観劇に関して独立して記事にしたことはなかったのですが、
ロンドン、ロイヤル・オペラ・ハウスでのオペラが忘れがたいものだったので、書き留めておこうと思います。
‘The Minotaur’ (『ミノタウロス』)。
オペラの形式としてはモダンで、歌詞は英語で書かれています。
ミノタウロスはギリシア神話のなかに登場し、
古代クレタの迷宮(ラビリンス)に閉じ込められていたという半人半牛の怪物です。
あらすじ等は、
こちらのブログに大変詳しく紹介されています。
指揮:リアン・ウィグレスワース(Ryan Wigglesworth)
舞台監督:ステファン・ラングリッジ(Stephen Langridge)
アリアドネ:クリスティーヌ・ライス(Christine Rice)
テセウス:ヨハン・ロイター(Johan Reuter)
ミノタウロス:ジョン・トムリンソン(John Tomlinson)
ハゲタカ:エリザベス・マイスター(Elisabeth Meister)
ラビリンスのシーン。(ロイヤル・オペラ・ハウス公式サイトより。)
これがもうダークでダークで・‥、
舞台はいつも暗く鬱々としているのに加えて、演出は凄惨を極めます。
ミノタウロスが去ると犠牲者の周りにはハゲタカが集まり、心臓を掴み出すことまで・‥。

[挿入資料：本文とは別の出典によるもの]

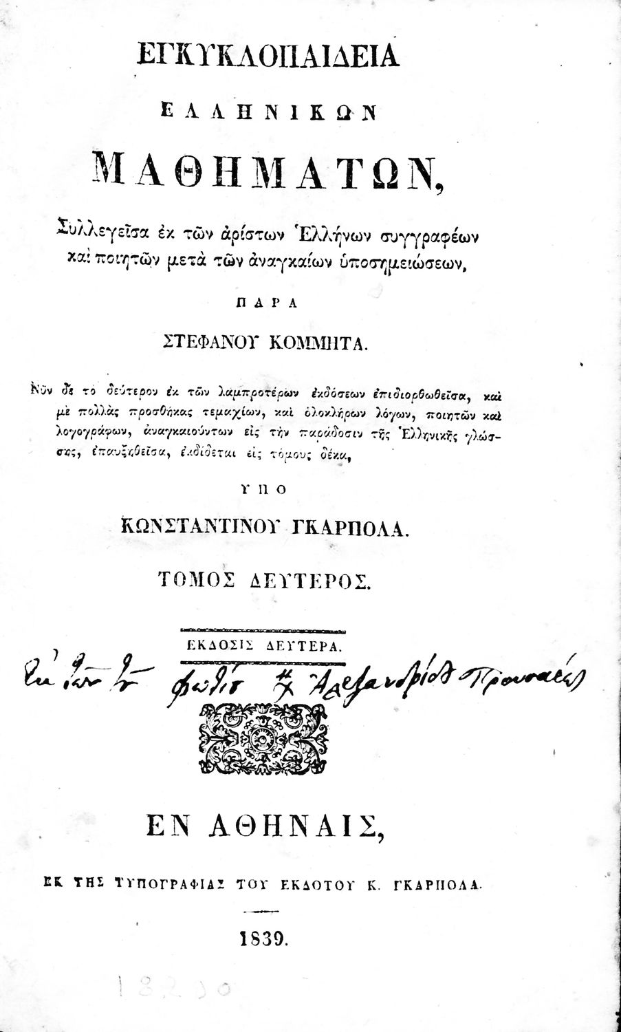 Τίτλος: Εγκυκλοπαίδεια ελληνικών μαθημάτων : συλλεγείσα εκ των αρίστων Ελλήνων συγγραφέων και ποιητών μετά των αναγκαίων υποσημειώσεων, τόμος Β΄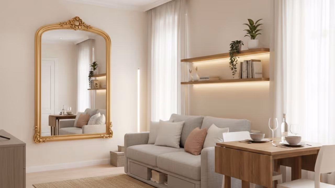 చిన్న ఇంటిని పెద్దగా చూపించడానికి అద్దాలు చాలా ఉపయోగపడతాయి. గోడపై పెద్ద మిరర్ పెట్టితే గది రెట్టింపు పరిమాణంలో కనిపిస్తుంది. అద్దాలు లైట్ను రిఫ్లెక్ట్ చేయడంతో గది బ్రైట్గా, ఓపెన్గా ఉంటుంది. లివింగ్ రూమ్, డైనింగ్ ఏరియా లేదా బెడ్రూమ్లో ఒక పెద్ద అద్దం పెట్టొచ్చు. మిరర్ ఉన్న అల్మారాలు లేదా ఫర్నిచర్ వాడితే లగ్జరీ టచ్ వస్తుంది.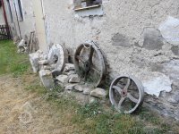 zbytky zařízení u mlýna, 2016, © Veselý, (Prvky na obrázku: transmise, řemenice, převody, mlecí kámen)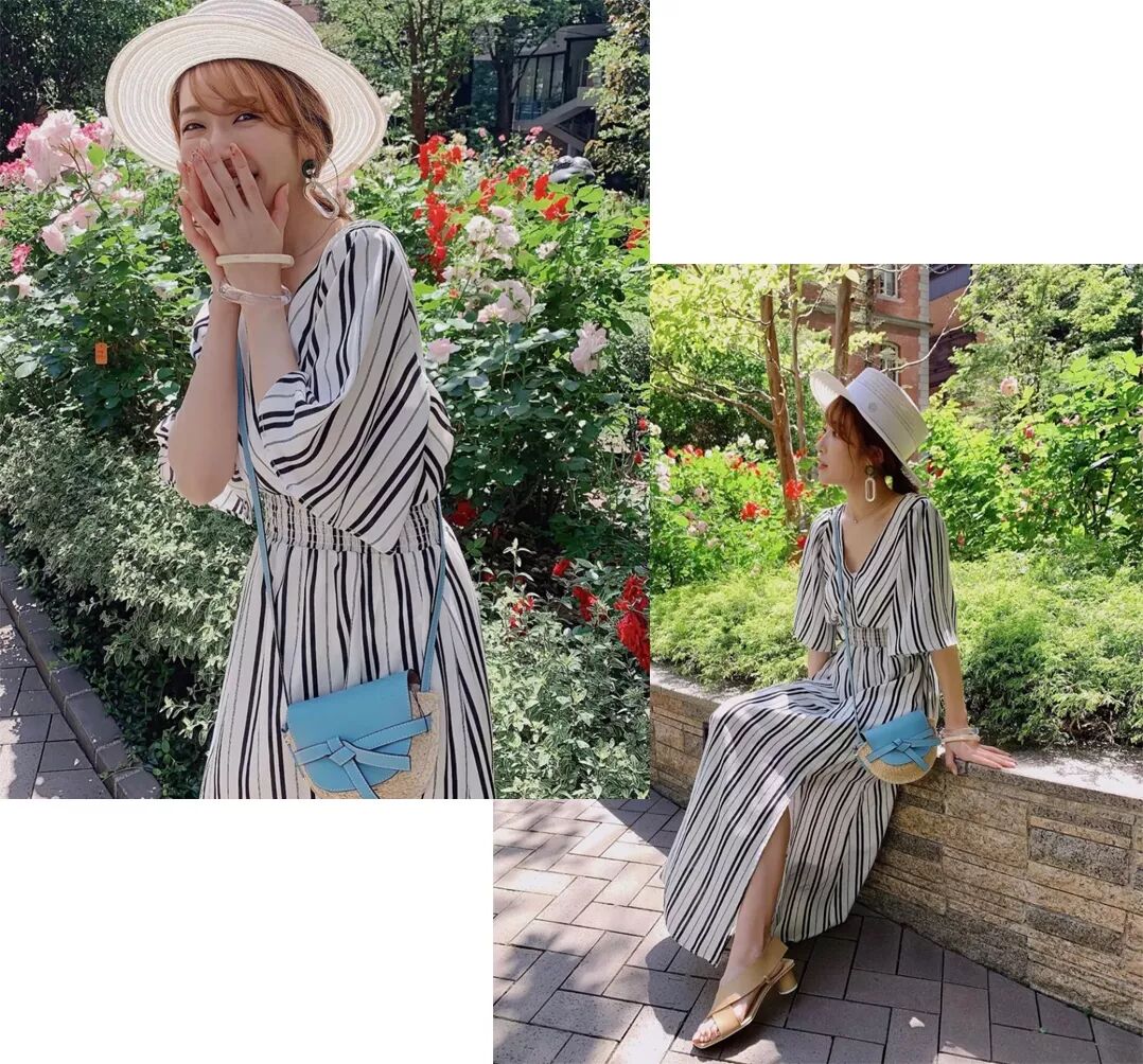 何穗在视频里分享的这套穿搭,是一件来自LOEWE的很小清新的竖条纹衬衫裙。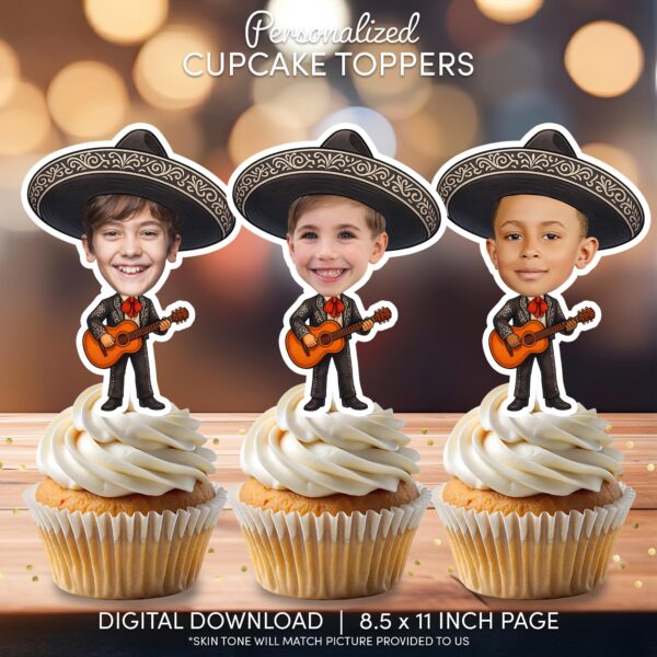 Custom Face Mariachi Cupcake Toppers – Personalized Photo Charro Musician Fiesta Party Decor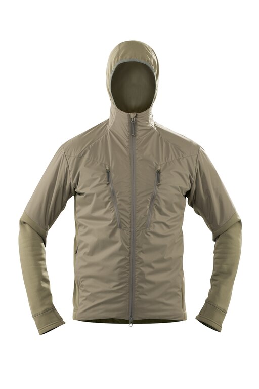 "Hybridní" bunda kombinuje 3 kvalitní materiály, které zajišťují skvělé izolační vlastnosti a efektivní odvod vlhkosti směrem od těla. Kombinace materiálů zaručuje maximální komfort a skvělou funkčnost. Vrchní vrstva je vyrobena z materiálu Pertex Microlight, který je odolný vůči větru a zajišťuje bezproblémové odpařování tělesné vlhkosti.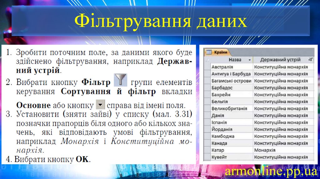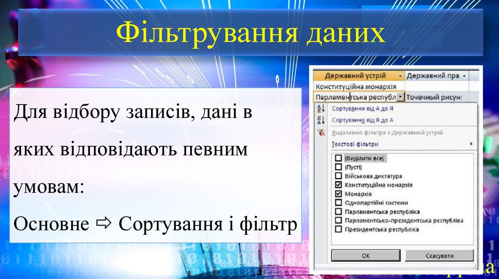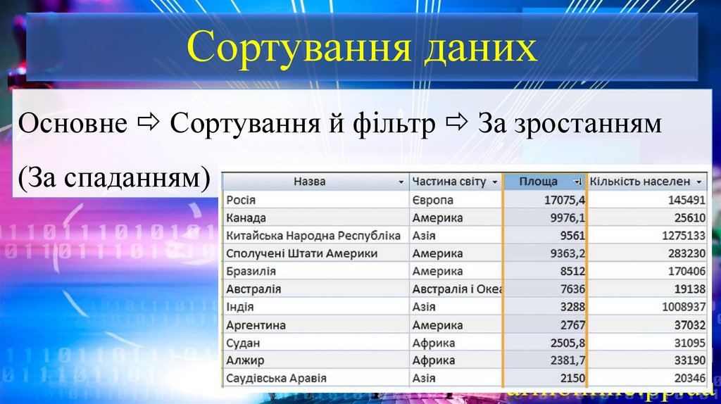 Сортування данихОсновне Сортування й фільтр За зростанням

前半が90分あって、普通に座っているだけでくたびれます。
苦手な人にとっては、永久に終わらないのではないかと思えるのでは。。
この日の席は最前列だったため、舞台の迫力はもの凄かったです。
劇の途中でパニックに陥った観客が叫んでいるのが聞こえたり、
気分が悪くなってしまった人が休憩中に倒れこんだりするのを見たりして、
無事で帰れるかしら・‥と不安に。
休憩中に何かいただく気にもなれず、うなだれて座っていると、
お隣の席の方が話しかけてくれ、、
こーんなのフィクションよっ!
これがダメなら、タランティーノなんて観られないじゃない
と、豪快に笑い飛ばしてくれて助かりました。
ブラジルから休暇でやって来たというマダム、素敵すぎです。。
前半で帰ってしまう観客も結構いて、どうなってしまうのかと思いきや、
幕が降りるとやんややんやの大喝采。
好き嫌い、というか、面白いと思う人と全く受け付けない人と、
こんなにはっきり分かれる舞台は初めてでした。
とにかく、歌手が役から素に戻ってカーテンコールに応えるのを見ると、
これは劇なのだ、と臨場感をメタに落とし込むことができます。
悪い夢にうなされないで済みそう・‥ほっとした~~
ミノタウロス役のジョン・トムリントンは、
この日がロイヤル・オペラ・ハウスに立って20周年のアニバーサリーだったそうで、
最後には大きなケーキが登場して一気に祝福ムードになりました
また観に行けるとしたら、今度はぜひ桟敷席で。
*追記*
カテゴリーに「シアター」を設定しました。
オペラや映画などの感想をちょこちょこ書き留めていきたいと思います。